## Task statement
Pictures aside, return all of the records exactly as they stand.

===== Exercise data

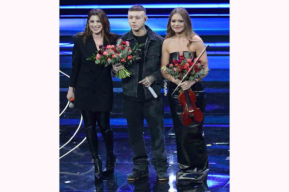 Emma Marrone, Lazza e la violinista Laura Marzodori (@Agenzia Fotogramma)
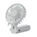 Portable foldable fan in ABS with 3 speed settings. Can be used as handheld or desk fan. Includes 1 replaceable and rechargeable 14500 Lithium battery 500 mAh.
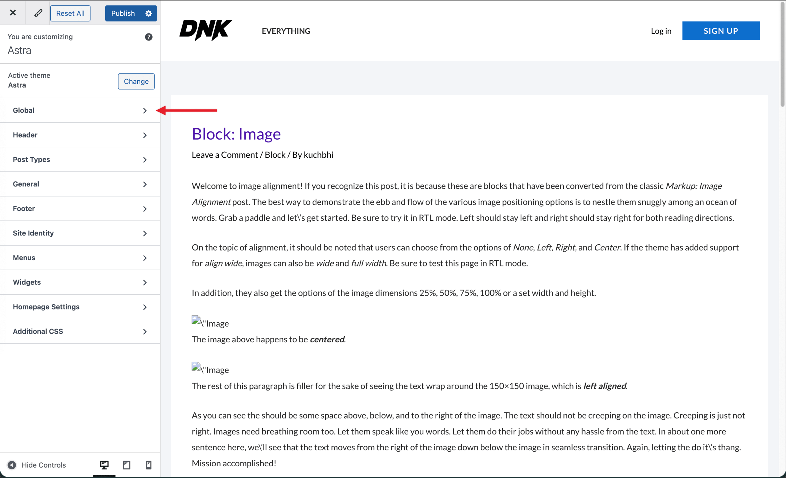 - Navigate to Appearance > Customize from your WordPress dashboard.
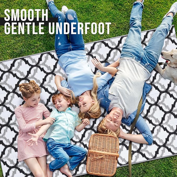 - Gentle Underfoot & Relaxing: The woven plastic straws create a soft, comfortable surface, perfect for barefoot walking and relaxation. Whether you're lounging on your patio or enjoying a picnic, this outdoor carpet for patio enhances your outdoor experience.
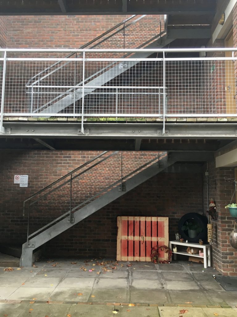 Les traces laissées dans le voisinage font apparaître la vie de communauté : les chaises de jardin sont restées dehors, tout comme les jouets des enfants et les cendriers de la veille encore disposés sur la large table communale. Il semblerait que la pluie ait fait fuir les résidents qui profitaient de l’extérieur.
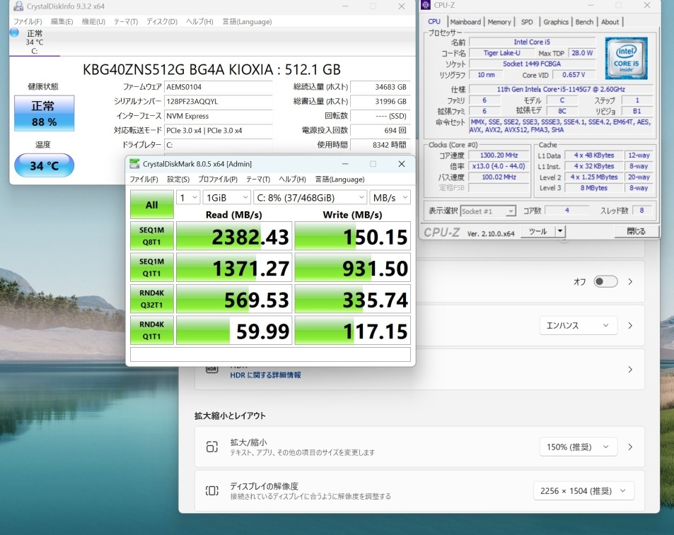 CPU:    超高速 Intel 卓越性能 第11世代Core i5-1145g7 2.6Ghz、 4コア8スレッド (ターボ・ブースト利用時の最大周波数 4.4GHz)
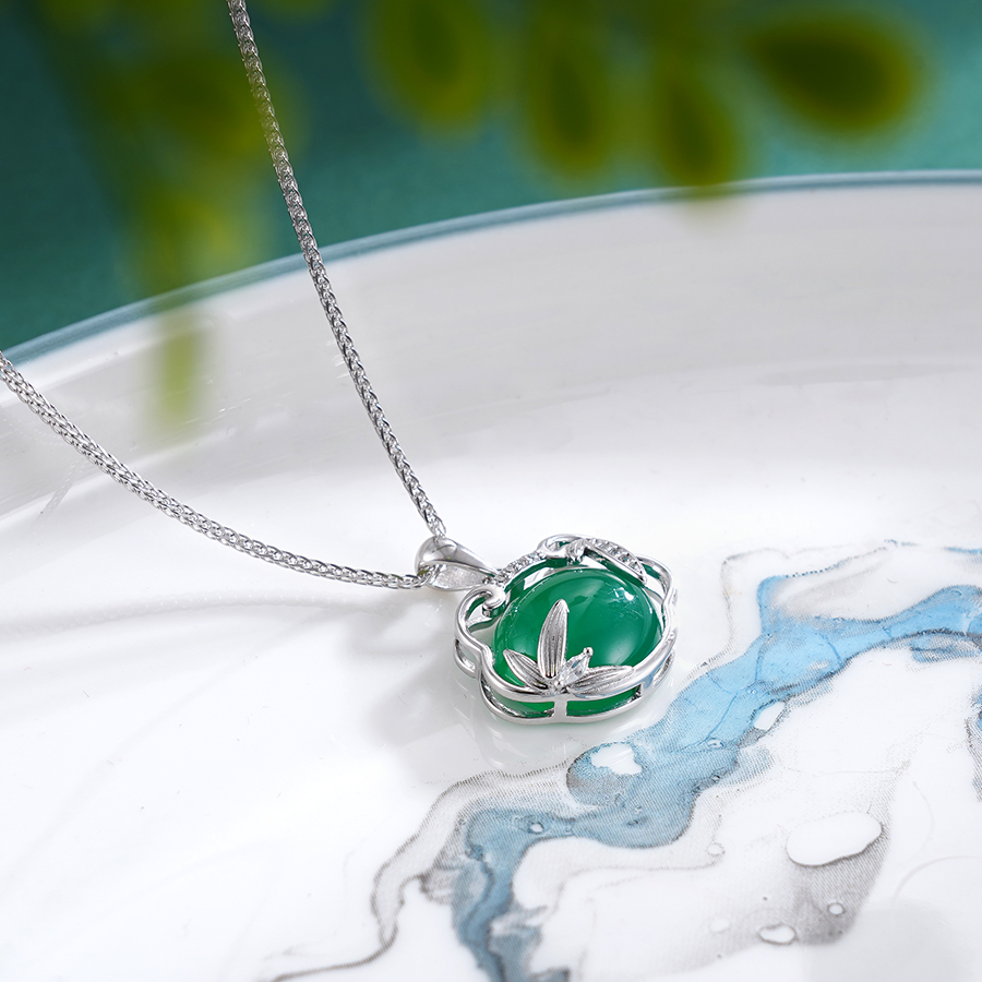 【寓意】:捕捉竹叶的清雅之美,采用镶嵌工艺打造如意锁吊坠。独特的镂空设计,如诗中的留白,简约从容。寓意“竹”够欢喜,“竹”够幸福。
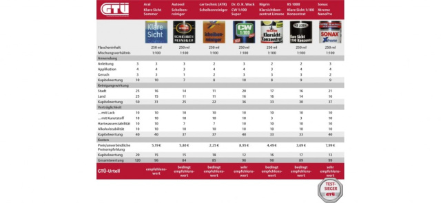 Die GTÜ Gesellschaft für Technische Überwachung hat gemeinsam mit dem ACE Auto Club Europa sieben Sommerscheibenreinigungskonzentrate auf einem speziellen Prüfstand und im Labor getestet und dabei bedenkliche Unterschiede festgestellt. Sieger nach Punkten wurde das Sonax Xtreme 1:100 NanoPro, dicht gefolgt vom cw 1:100 von Dr. Wack, die beide im GTÜ-Test das Prädikat sehr empfehlenswert bekamen (Einzelergebnisse siehe
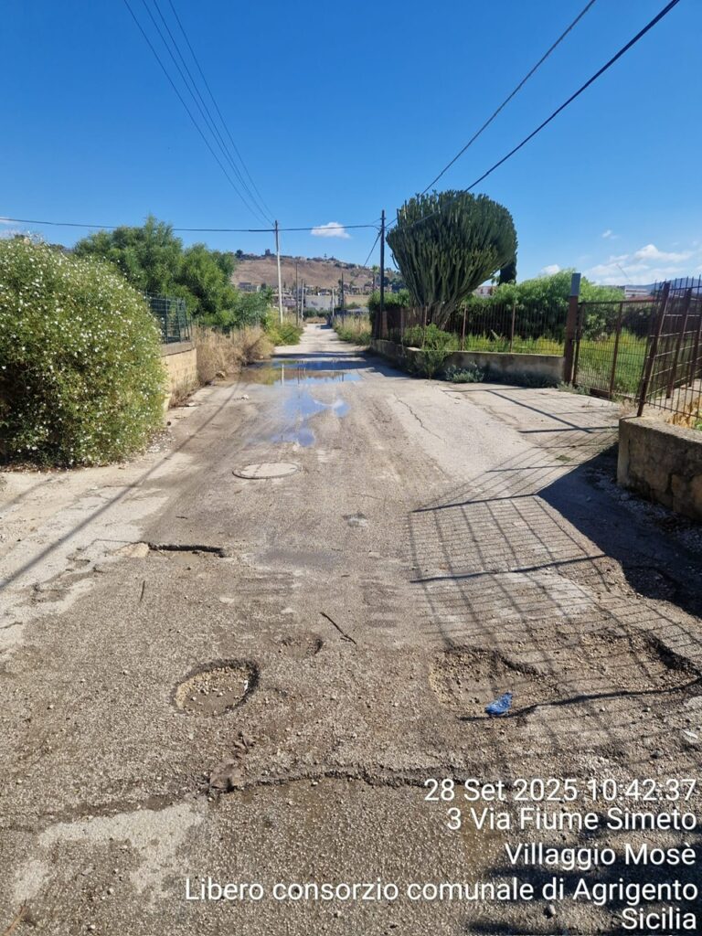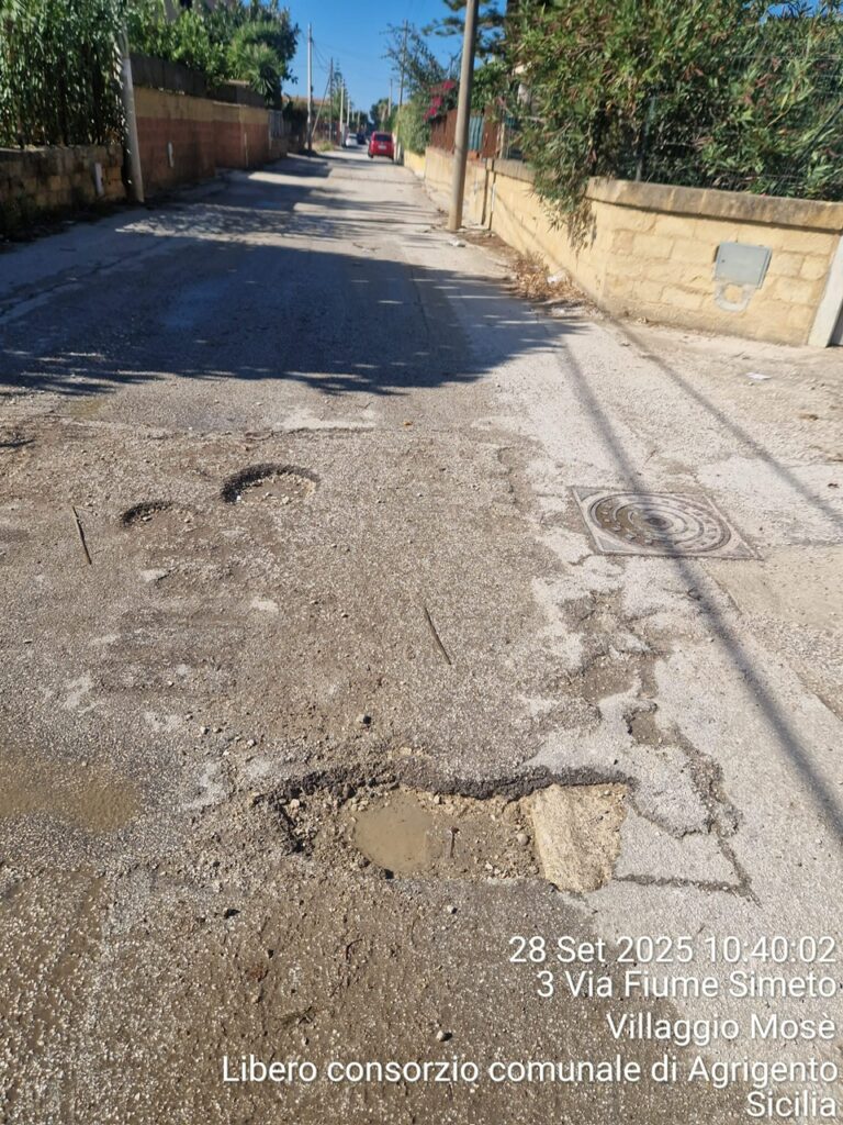 Agrigento – Nella rubrica “Le segnalazioni dei nostri lettori” oggi pubblichiamo la denuncia del signor Vincenzo Albanese, residente in via Fiume Simeto al Villaggio Mosè, che da tempo sollecita l’Amministrazione comunale ad intervenire per garantire la sicurezza stradale.
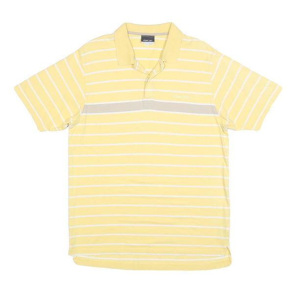 REEBOK Mens Yellow & White Striped Short Sleeve Polo Shirt XL Cotton Blend
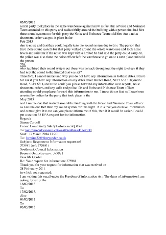 a next party took place in the same warehouse again I know as fact that a Noise and Nuisance
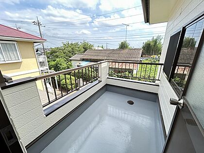 【リフォーム完成】ベランダの写真です。こちらは塗装を行いました。南側に面しているのでお布団などもしっかり乾きそうですね。
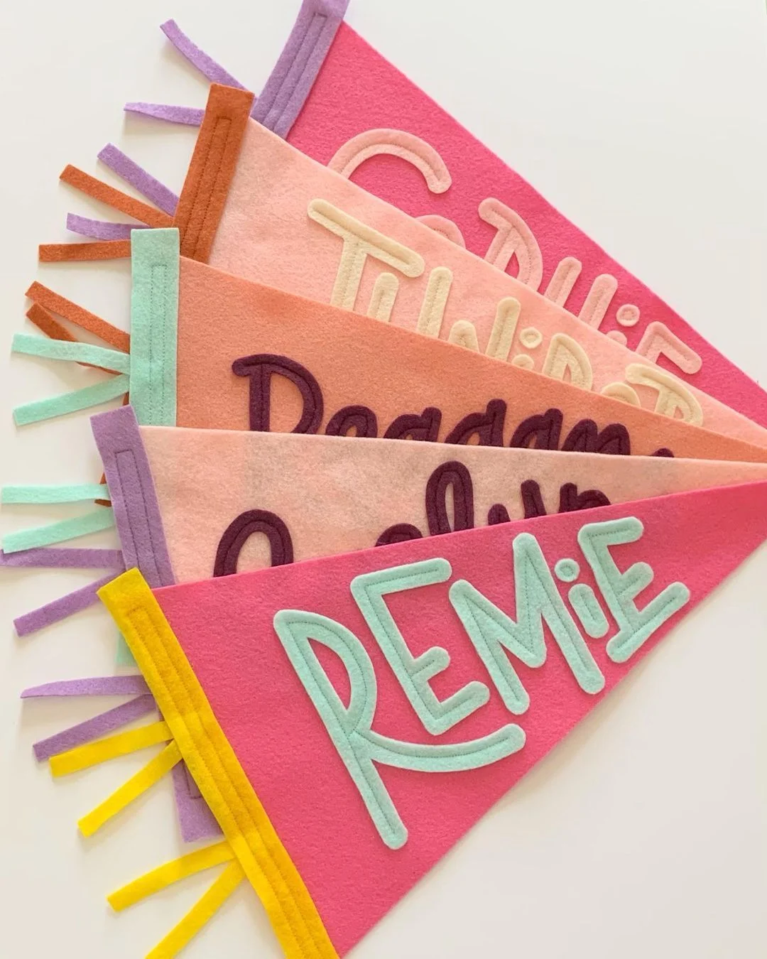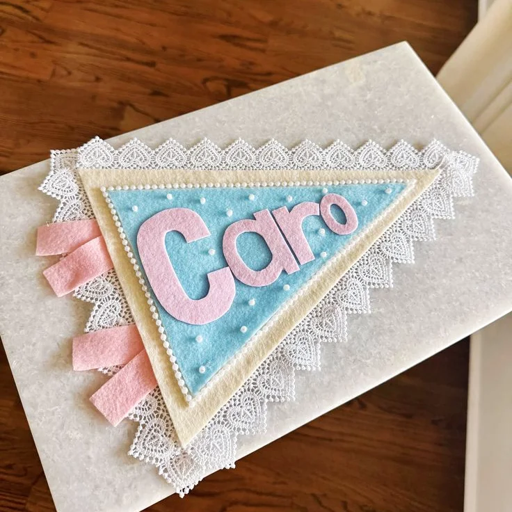 🧵👉This felt name pennant sewing template makes it easy to sew your own personalized pennant—whether it's a name, a holiday greeting, or a party slogan, it can be transformed into a heartwarming fabric decoration.
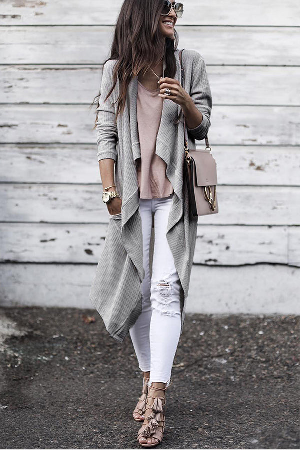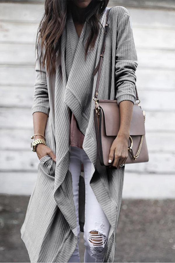 Light Grey Waffle Knit Drape Front Long Cardigan
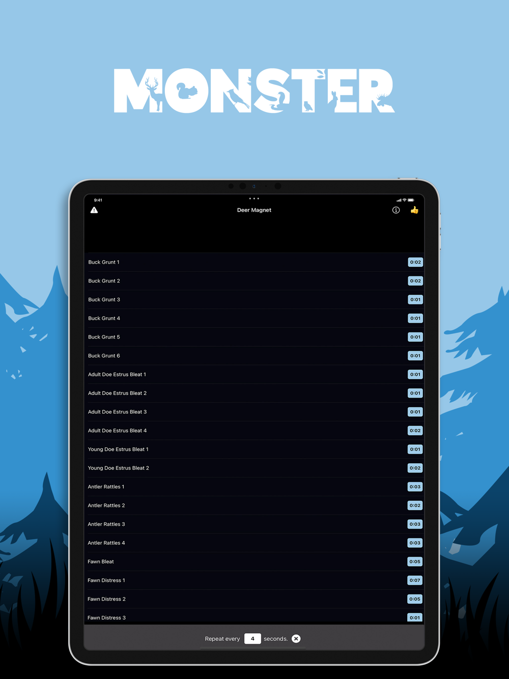 You can play the sounds individually and set them to repeat after the amount of seconds that you desire. Or you can manually tap different sounds create a deadly combination of calls that will work perfectly for the deer you are hunting.
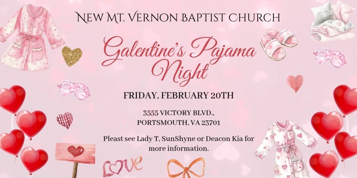 Ladies, you’re invited to our Galentine’s Pajama Night hosted by L.E.A.P. with Faith Ministry at New Mt Vernon Baptist Church — a night of fun, laughter, games, karaoke, and food!
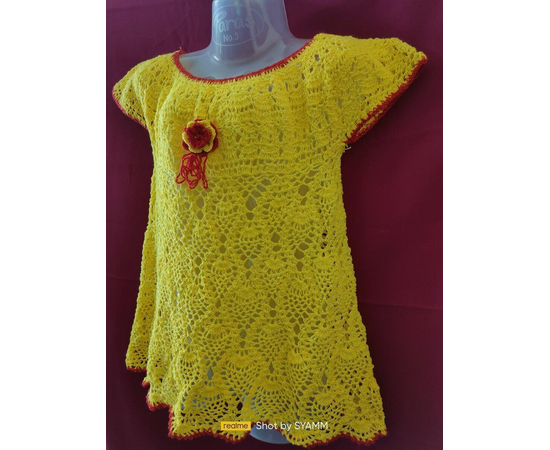 Adorable baby girl dress, crocheted from pure cotton yarn in yellow color, decorated with crocheted flower in the front. This dress is a perfect combination of style and comfort, allowing them to feel comfortable and not restricted.
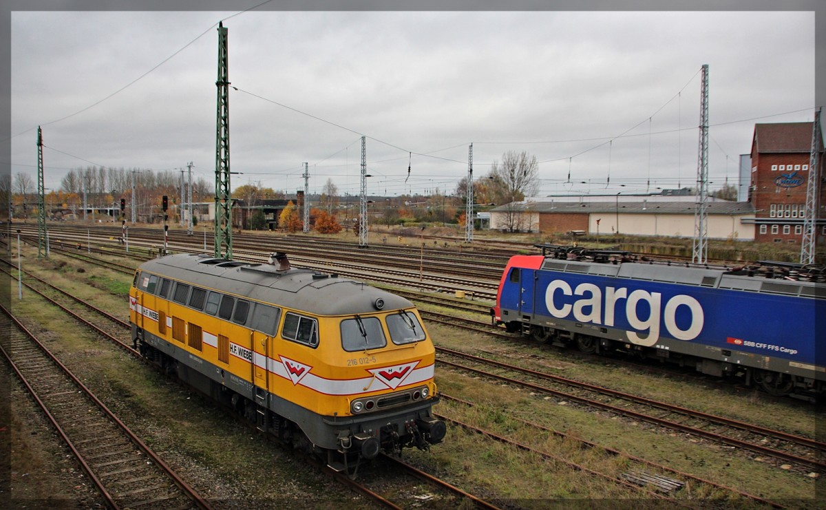 Die 216 122 (Lok 10) und die 216 012 (Lok 11) von Wiebe abgestellt in Möllenhagen am 22.05.2015
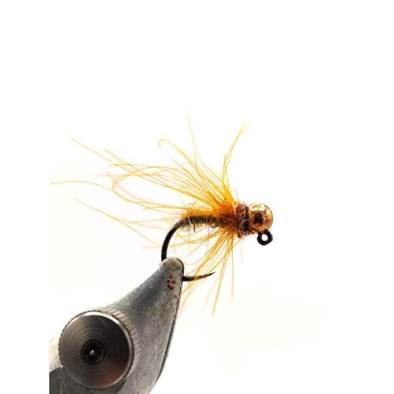 Nymphe de sedge montée sur un hameçon jig à large ouverture et avec une bille tungstène fendue pour aider au basculement de la nymphe sur le fond.
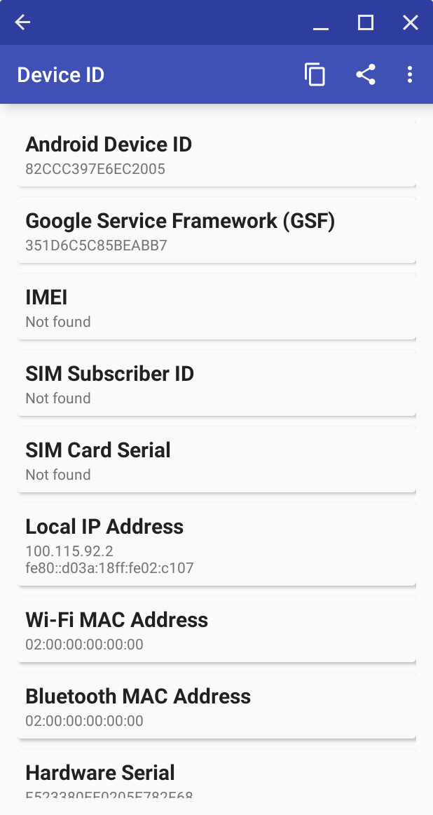 先在设备上安装deviceID(Apkpure)这个软件,然后打开能看到我们的GSF ID
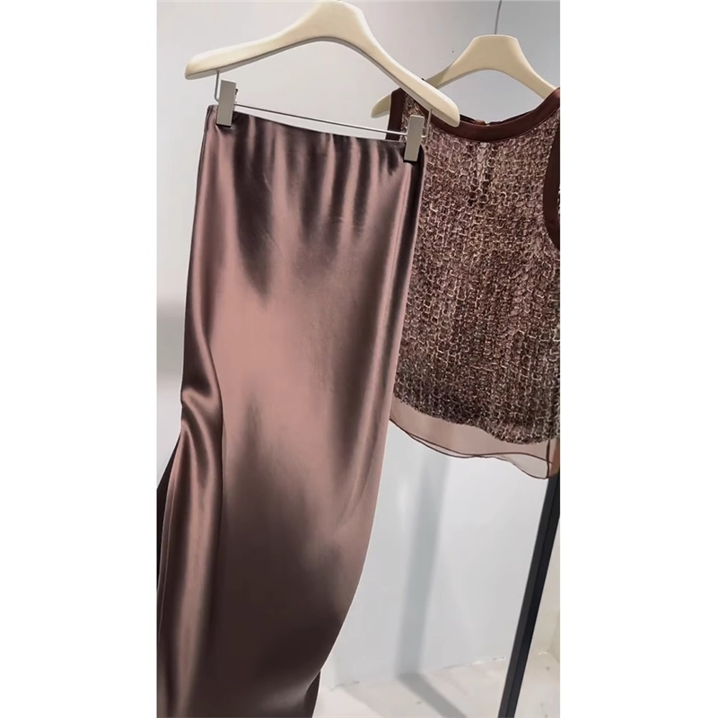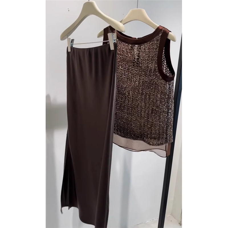 小个子一整套穿搭咖色背心醋酸连衣裙休闲两件套装女2025新款夏季

==========

## Your solution
 Emma Marrone, Lazza e la violinista Laura Marzodori (@Agenzia Fotogramma)
 Portable foldable fan in ABS with 3 speed settings. Can be used as handheld or desk fan. Includes 1 replaceable and rechargeable 14500 Lithium battery 500 mAh.
 - Navigate to Appearance > Customize from your WordPress dashboard.
 - Gentle Underfoot & Relaxing: The woven plastic straws create a soft, comfortable surface, perfect for barefoot walking and relaxation. Whether you're lounging on your patio or enjoying a picnic, this outdoor carpet for patio enhances your outdoor experience.
 Les traces laissées dans le voisinage font apparaître la vie de communauté : les chaises de jardin sont restées dehors, tout comme les jouets des enfants et les cendriers de la veille encore disposés sur la large table communale. Il semblerait que la pluie ait fait fuir les résidents qui profitaient de l’extérieur.
 CPU:    超高速 Intel 卓越性能 第11世代Core i5-1145g7 2.6Ghz、 4コア8スレッド (ターボ・ブースト利用時の最大周波数 4.4GHz)
 【寓意】:捕捉竹叶的清雅之美,采用镶嵌工艺打造如意锁吊坠。独特的镂空设计,如诗中的留白,简约从容。寓意“竹”够欢喜,“竹”够幸福。
 Die GTÜ Gesellschaft für Technische Überwachung hat gemeinsam mit dem ACE Auto Club Europa sieben Sommerscheibenreinigungskonzentrate auf einem speziellen Prüfstand und im Labor getestet und dabei bedenkliche Unterschiede festgestellt. Sieger nach Punkten wurde das Sonax Xtreme 1:100 NanoPro, dicht gefolgt vom cw 1:100 von Dr. Wack, die beide im GTÜ-Test das Prädikat sehr empfehlenswert bekamen (Einzelergebnisse siehe
 Agrigento – Nella rubrica “Le segnalazioni dei nostri lettori” oggi pubblichiamo la denuncia del signor Vincenzo Albanese, residente in via Fiume Simeto al Villaggio Mosè, che da tempo sollecita l’Amministrazione comunale ad intervenire per garantire la sicurezza stradale.
 REEBOK Mens Yellow & White Striped Short Sleeve Polo Shirt XL Cotton Blend
 a next party took place in the same warehouse again I know as fact that a Noise and Nuisance
 【リフォーム完成】ベランダの写真です。こちらは塗装を行いました。南側に面しているのでお布団などもしっかり乾きそうですね。
 🧵👉This felt name pennant sewing template makes it easy to sew your own personalized pennant—whether it's a name, a holiday greeting, or a party slogan, it can be transformed into a heartwarming fabric decoration.
 Light Grey Waffle Knit Drape Front Long Cardigan
 You can play the sounds individually and set them to repeat after the amount of seconds that you desire. Or you can manually tap different sounds create a deadly combination of calls that will work perfectly for the deer you are hunting.
 Ladies, you’re invited to our Galentine’s Pajama Night hosted by L.E.A.P. with Faith Ministry at New Mt Vernon Baptist Church — a night of fun, laughter, games, karaoke, and food!
 Adorable baby girl dress, crocheted from pure cotton yarn in yellow color, decorated with crocheted flower in the front. This dress is a perfect combination of style and comfort, allowing them to feel comfortable and not restricted.
 Die 216 122 (Lok 10) und die 216 012 (Lok 11) von Wiebe abgestellt in Möllenhagen am 22.05.2015
 Nymphe de sedge montée sur un hameçon jig à large ouverture et avec une bille tungstène fendue pour aider au basculement de la nymphe sur le fond.
 先在设备上安装deviceID(Apkpure)这个软件,然后打开能看到我们的GSF ID
 小个子一整套穿搭咖色背心醋酸连衣裙休闲两件套装女2025新款夏季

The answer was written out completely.